The Italian’s vicious serve, forehand and slice backhand have helped him scoop back-to-back titles in Stuttgart and Queen’s.
Last year’s Wimbledon finalist is now 36-7 lifetime on grass and will hope to have learned from his experience of his first major final 12 months ago, during which he revealed he was beset by nerves.
"Berrettini is obviously undeniable after his last couple of weeks,” Masur said. "Both he and Hurkacz are going to go up in the seedings; they're going to be two people for me to keep an eye on.”
Speaking of Hurkacz, he won the Halle title the same week Berrettini triumphed at Queen’s.
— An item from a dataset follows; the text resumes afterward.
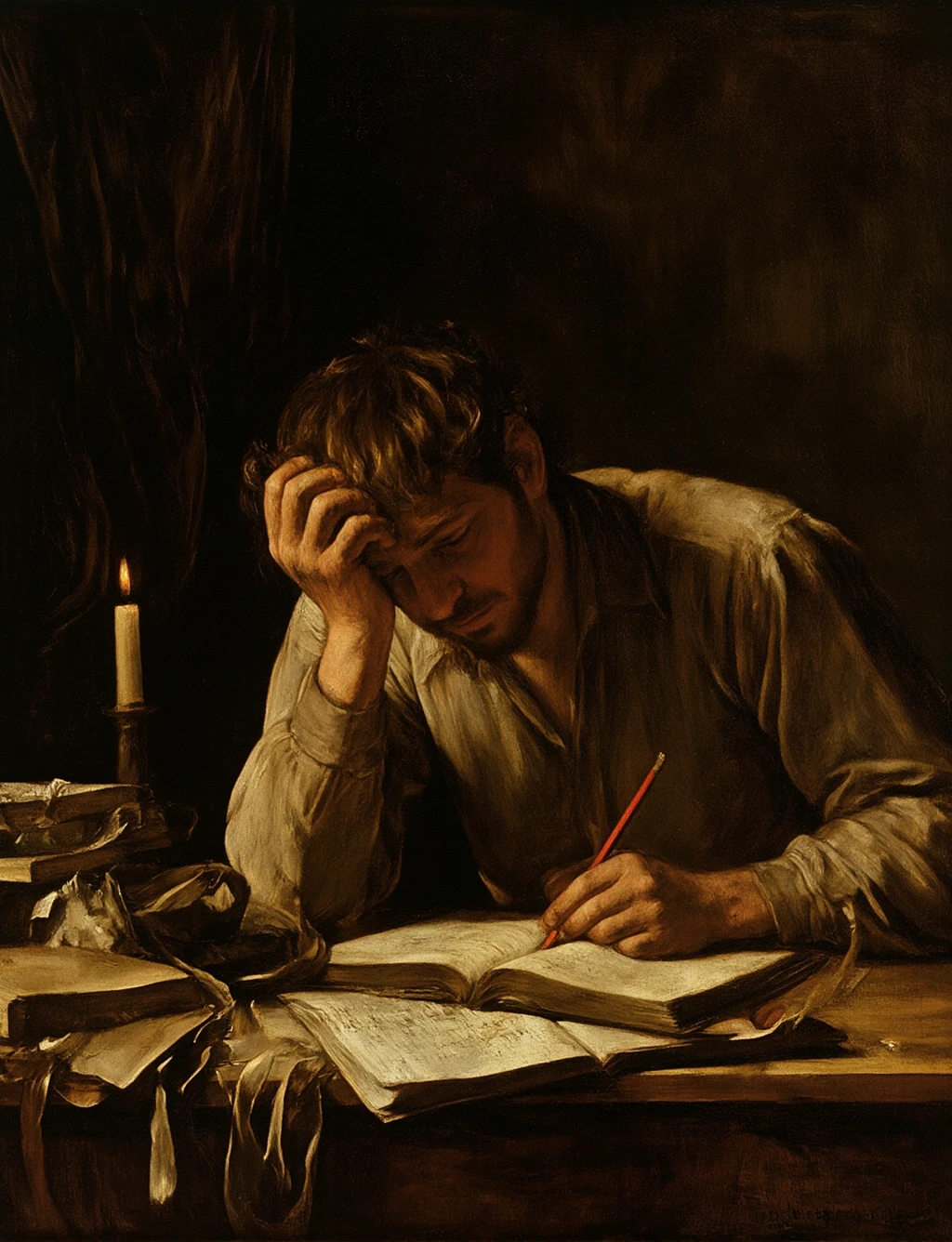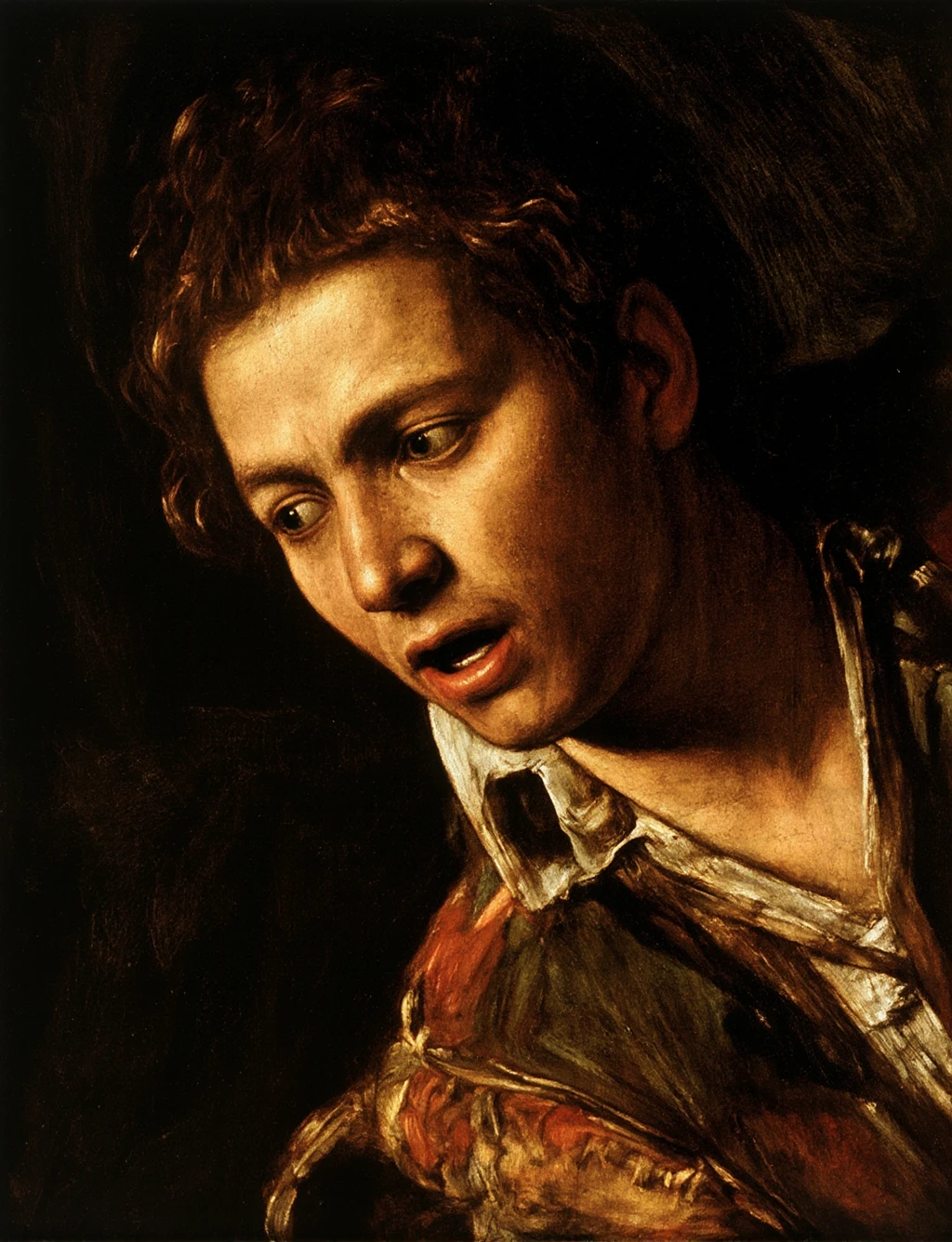 Caravaggio (Michelangelo Merisi da Caravaggio, 1571–1610) is remembered as one of the most influential painters of the Baroque era. His works broke away from idealized Renaissance traditions, favoring radical realism and dramatic chiaroscuro. A single shaft of light often cuts across the darkness, igniting flesh and fabric with sudden brilliance while leaving the rest in impenetrable shadow. His brushstrokes are dense and tactile, pressing pigment into rough textures of cloth, stone, and skin, creating an atmosphere of raw immediacy and intensity. The emotional climate of his paintings is equally striking: charged with tension, ????????, devotion, or revelation, always suspended between shadow and illumination.

It was an incredible run at the German tournament that saw the Pole beat Felix Auger-Aliassime, Nick Kyrgios and Daniil Medvedev to win his first ATP title on grass.
Hurkacz was also a semifinalist at Wimbledon last year, another demonstration of his potency on the surface.
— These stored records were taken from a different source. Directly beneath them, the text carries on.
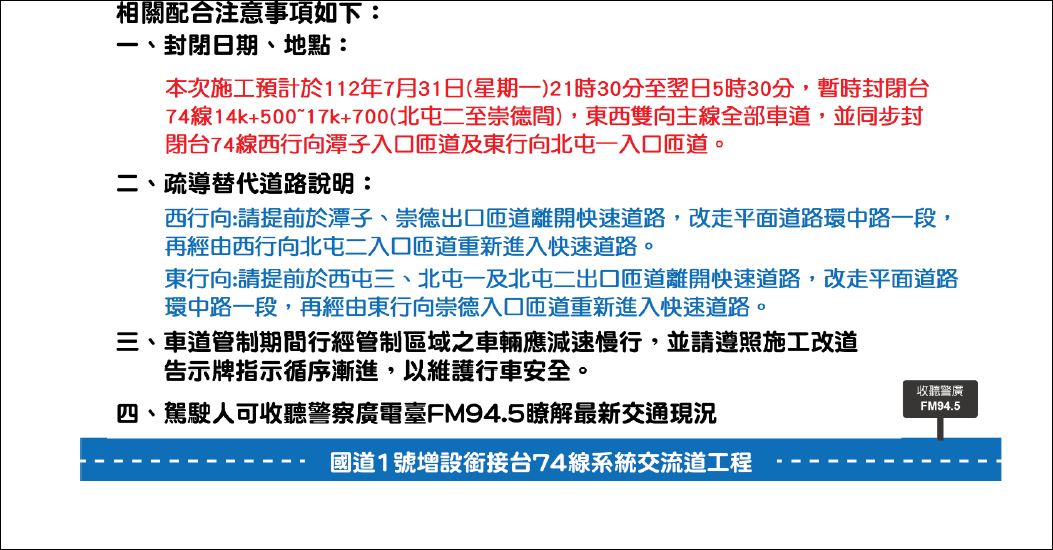 交通部高速公路局第二新建工程處為辦理國道1號增設銜接臺74線系統交流道工程,預計於今(31)日晚間21:30至翌日05:30,暫時封閉臺74線14K+500~17K+700(北屯二至崇德交流道)東西雙向全車道,進行臺74線橋面二次銜接、鋼箱梁吊裝臨時支撐架基座模板組立及混凝土澆置作業。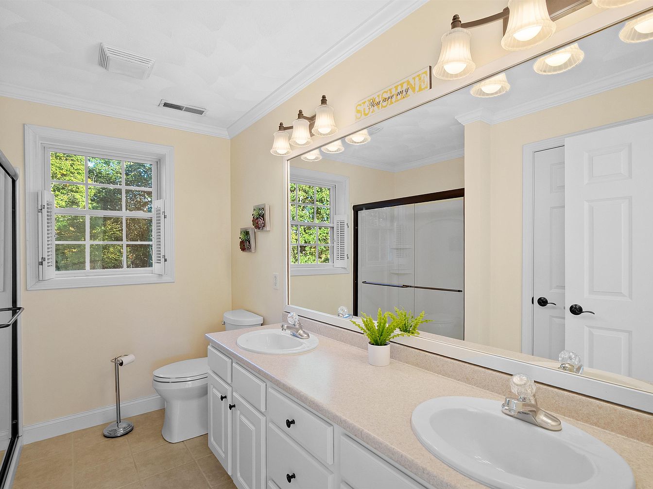A serene bathroom space featuring a light yellow color palette that enhances brightness. The layout includes dual sinks with white cabinetry, offering ample storage. Above the sinks, a row of elegant light fixtures illuminates the mirror, accentuating the smooth surface of the countertop. To the left, a clear glass shower enclosure allows for a view of tiled interiors, while a classic white toilet sits nearby. Natural light streams in through two double-hung windows, framed with white trim, providing a refreshing ambiance and a glimpse of greenery outside. Decorative wall accents add a subtle touch of personalization.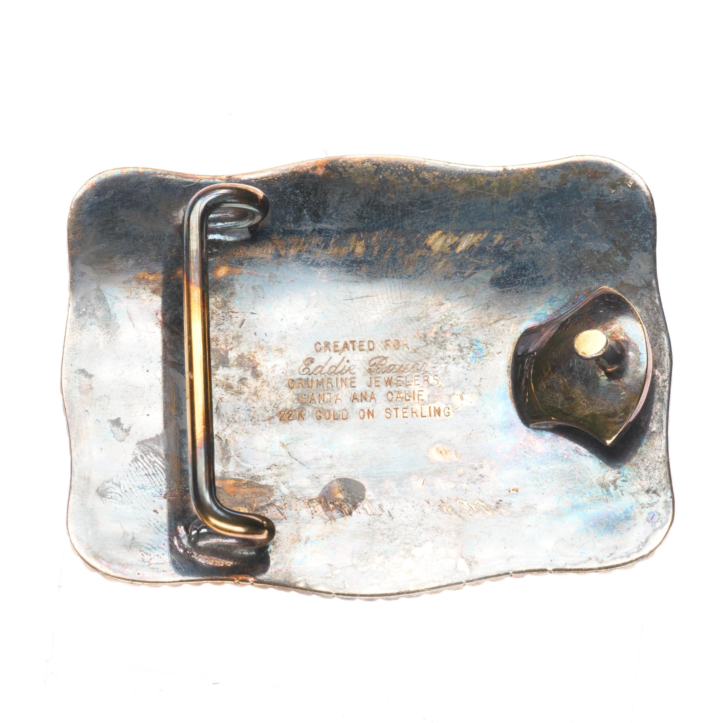 Vintage Sterling silver Eddie Bauer Crumrine gold plated deer belt buckle. Tested and guaranteed solid sterling silver with, weight and measurements in pictures with some expected wear, fully functional. Some wear to gold plating, no other issues.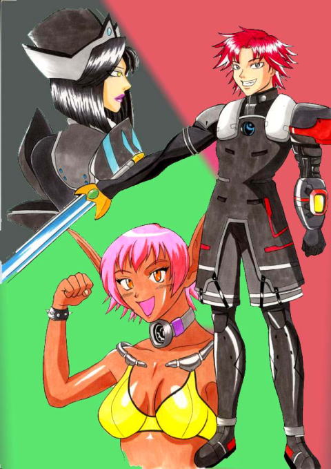 戦神殿のキャラクター3名のイラストです。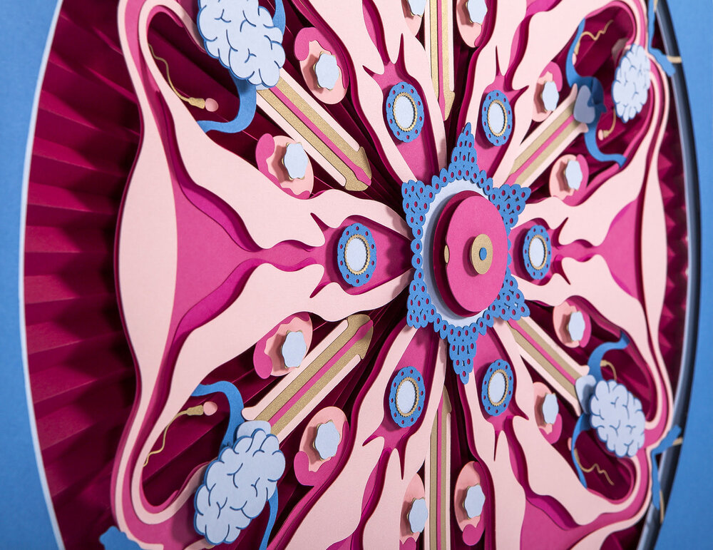 Murallardan tutun da kağıt sanatına, heykel sanatına ve kum sanatına kadar pek çok sanat pratiğinde mandalaların ne kadar ilham verici olduğunu gördük. Kağıt sanatçısı Julie Wilkinson da kağıttan yaptığı anatomik parçaları mandala estetiğiyle birleştirerek yeni bir alan açmış kendine ve Manifestation isimli seriyi hazırlamış.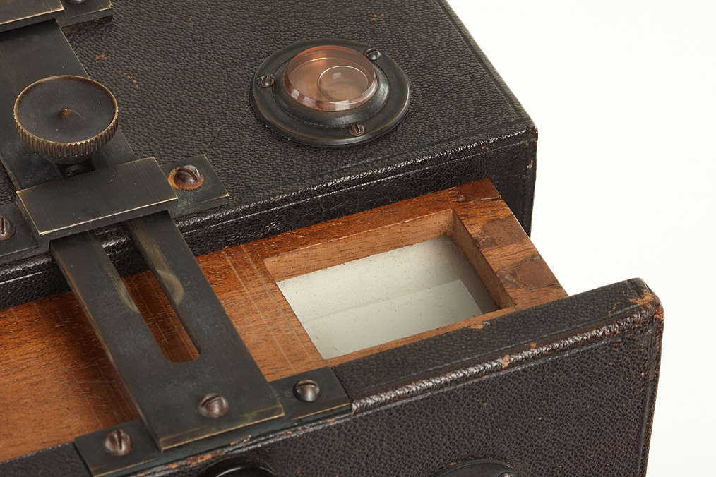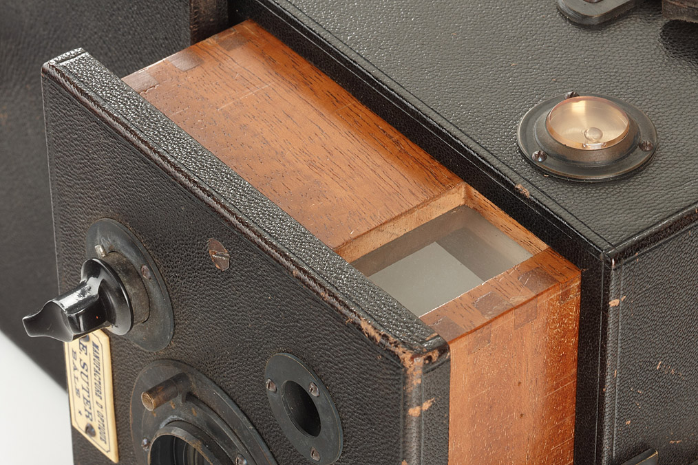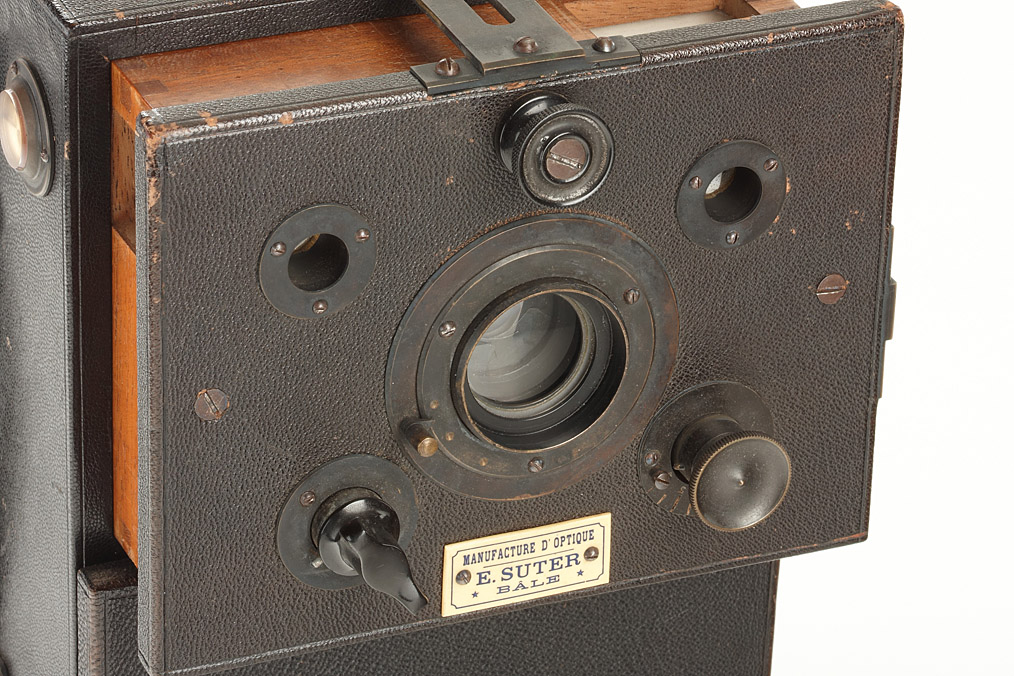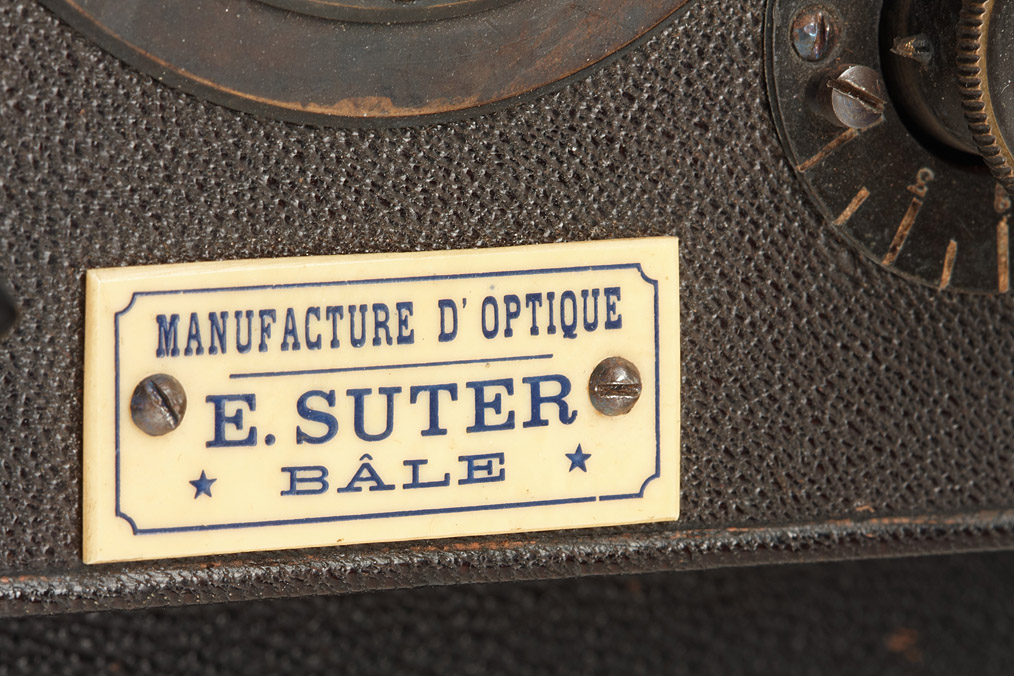 9x12cm, leather-covered wooden body, magazine for 20 exposures, Suter lens 1:12 in rotating-disk shutter, cap, maker's sign: 'Manufacture d'Optique E.SUTER Bâle'

"He's just not a guy you can push around,” Masur observed. “He's big, and with that comes the serve – and when he hits it, it just stays hit. He's going to be dangerous.”
Immediately after winning Roland Garros, Nadal underwent a radiofrequency ablation nerve treatment in the hope of relieving pain associated with a chronic foot condition.
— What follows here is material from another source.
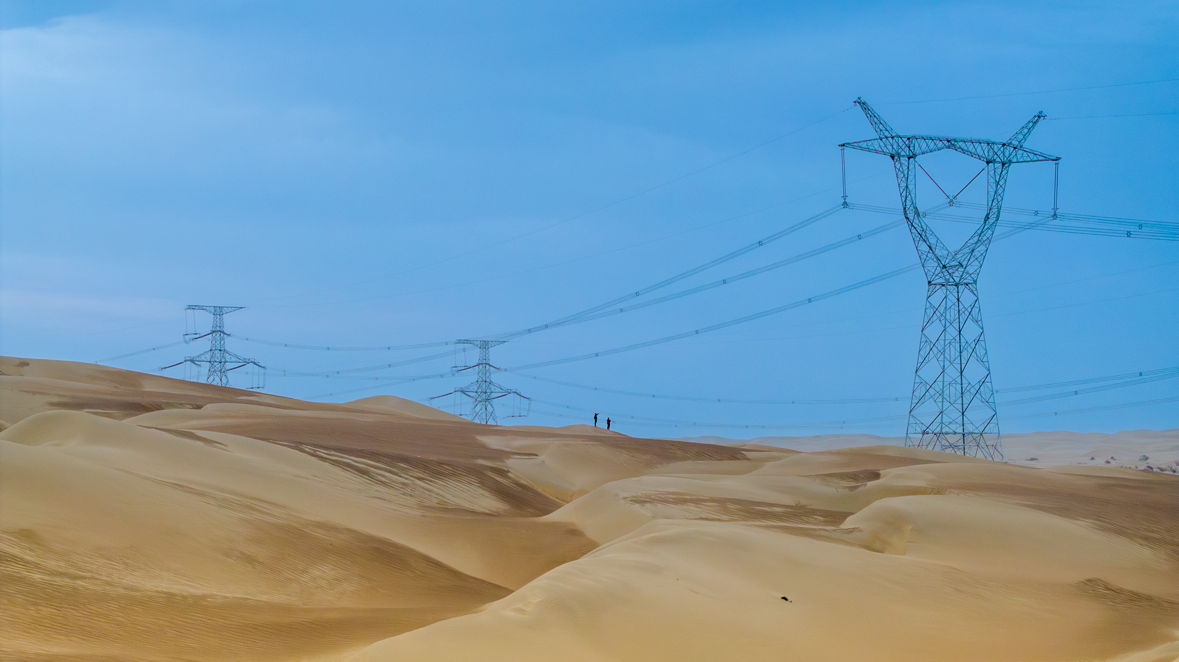 2025年,国家电网历时15年建设的环塔里木盆地750千伏输变电工程全线贯通,图为巴州—铁干里克—若羌750千伏输变电工程。

He has reportedly responded well to the treatment – he has since practised on grass in both Mallorca and London – and intends to play at Wimbledon.
Nadal failed to pass the fourth round from 2012 to 2017 but more recently made back-to-back semifinals in 2018 and 2019.
This time around, with the Australian Open and Roland Garros titles already under his belt, he is, astonishingly, targeting the third leg of a calendar-year Grand Slam.
“Rafa's Rafa. You cannot deny him. And he's won the title – he knows absolutely how to go about winning a Grand Slam title at Wimbledon,” said Masur of the 2008 and 2010 winner.
Another two-time Wimbledon champion is Andy Murray, who was showing impressive form on grass in Stuttgart – he beat Tsitsipas and Kyrgios back-to-back – before an abdominal strain affected him in his finals loss to Berrettini.
The British veteran has not played a match since, but is hoping to be healthy enough to contest a 14th Wimbledon.
"There's a guy who knows how to move on grass,” said Masur of Murray, who prior to Stuttgart reached the semifinals of the grass-court Challenger in Surbiton.
Fresh after skipping the European clay-court season, Kyrgios has thrived on grass, reaching back-to-back semifinals in Stuttgart and Halle and winning seven of his nine matches on the surface.
Kyrgios was a Wimbledon quarterfinalist in 2014 and also reached the second week in 2015 and 2016. Like Murray, his unseeded status will make him a dangerous first-round prospect.
"There's a lot of seeds that he is going to beat,” Masur warned.
The Croatian veteran enjoyed a resurgence with a semifinal at Roland Garros, and after transitioning to his favoured grass, backed that up with a semifinal run at Queen’s.
Cilic has now won eight of his past 10 matches and, having returned to the top 20, heads to Wimbledon where he was a runner-up in 2017.